以下の質問は、特にバイオテクノロジーアプリケーションに適用されますが、他の分野での同様の問題の一般的な原則を示している場合があります。これは巡回セールスマン問題に関連する可能性のあるNP困難な問題であり、解決策に到達するためにどのアルゴリズムを使用できるのか興味があります。
簡単な生物学的背景:タンパク質は20個のアミノ酸で構成されています。DNAは4つの塩基(A、C、G、T)で構成されています。タンパク質のDNA配列によって、アミノ酸の配列が決まります。3つのDNA塩基(単位はコドンと呼ばれます)の連続する各配列は、1つのアミノ酸をコードします。単一のアミノ酸は複数のコドンでコード化できます。たとえば、バリンには4つのコード化方法があります。
すべてのコドンが等しくなるわけではありません-それらのいくつかは他より速く処理されます。また、すべてのコドンペアが等しくなるわけではありません-いくつかのペアは他のペアよりも遅いです。
これは、100アミノ酸(300 DNA塩基)の特定の遺伝子について、同じアミノ酸配列をコード化する多くの方法がありますが、処理速度などの非常に異なる特性を持つことを意味します。
対応する速度値を持つコドンペアのテーブルが与えられた場合、希望する速度のシーケンス、たとえば可能な限り速いシーケンスと最も遅いシーケンス、およびその間の勾配を出力できるアルゴリズムを記述したいと思います。
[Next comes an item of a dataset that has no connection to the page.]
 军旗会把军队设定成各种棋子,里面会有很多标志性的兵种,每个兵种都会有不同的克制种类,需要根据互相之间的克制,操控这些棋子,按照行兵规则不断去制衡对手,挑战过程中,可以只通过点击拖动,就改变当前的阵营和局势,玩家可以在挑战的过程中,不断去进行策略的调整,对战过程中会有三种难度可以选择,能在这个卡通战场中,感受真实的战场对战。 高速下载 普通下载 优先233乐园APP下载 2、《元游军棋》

入力は、遺伝子をコードするDNA配列、およびコドンペアとそれぞれの速度スコア(-1から1)の辞書です。出力は、最適化されたDNA配列とその全体の速度スコア(すべてのコドンペアスコアの合計として表すことができます)です。アミノ酸配列は同じままでなければなりません。
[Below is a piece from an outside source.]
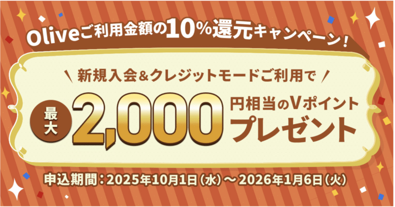 2025年10月1日(木)〜2026年1月6日(火)までの間、Oliveフレキシブルペイの新規入会とVisaタッチ決済の利用で最大2,000円がもらえるOliveご利用金額の10%還元キャンペーンが実施されています。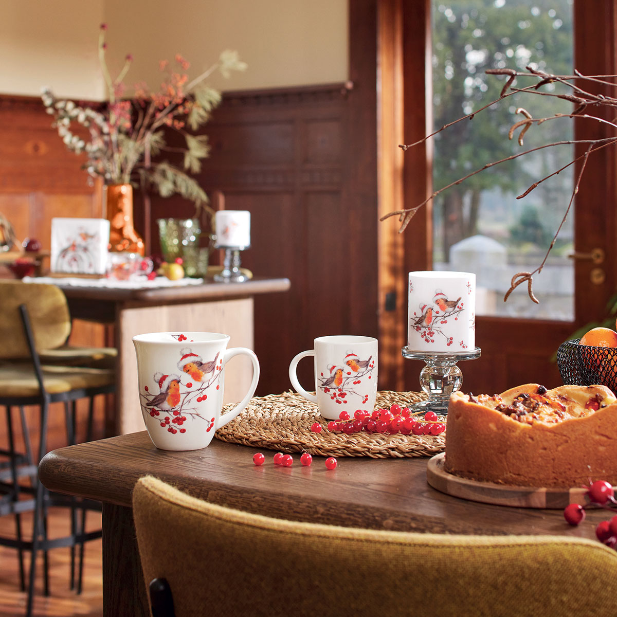 Fine bone china mug 0.40 L – Winter Gnome & Red Berries – AmbienteLarge winter mug featuring a cosy gnome, birds and frosty branches. Perfect for tea, long coffee or hot chocolate.• High-quality fine bone china • Detailed winter illustration • Large 0.40 L capacity • Height 11 cm – Diameter 10 cm • Interior detail with little bird

例:3つのアミノ酸をコードする配列AAATTTGGGがあり、スコアのあるコドンペアがある場合:
AAATTT = -0.5
TTTGGG = -0.5
この場合、このシーケンスのスコアは-1になる可能性があります。
ペアの選択肢もある場合は、さまざまな可能性を評価できます。
AAATTG = -0.7 AAATTC = -0.3
TTGGGC = +0.2 TTCGGA = -1.0
この情報に基づく最適なシーケンスは、全体の値が-1.3になるため、AAATTCGGAであることがわかります。
もちろん、この問題の複雑さは、周囲のすべてのコドンペアに対するコドンペアの影響にあります。
完全なコドンペアチャートには61*61のエントリがあります(3つのコドンが遺伝子の読み取りを停止するため)。
====
質問
これはNP困難な問題であり、TSPと関係があると思います。シミュレーテッドアニーリングアルゴリズムを使用するアプローチを見てきました。この問題とそれに対応するアルゴリズムおよびヒューリスティックを考慮して目的の出力を生成する他の洞察に満ちた方法があるかどうか知りたいです。
動的計画法の場合、どのようなアプローチが適切でしょうか?
また、アルゴリズムを使用して、最大値と最小値だけでなく、速度スコアの勾配を作成するにはどうすればよいですか?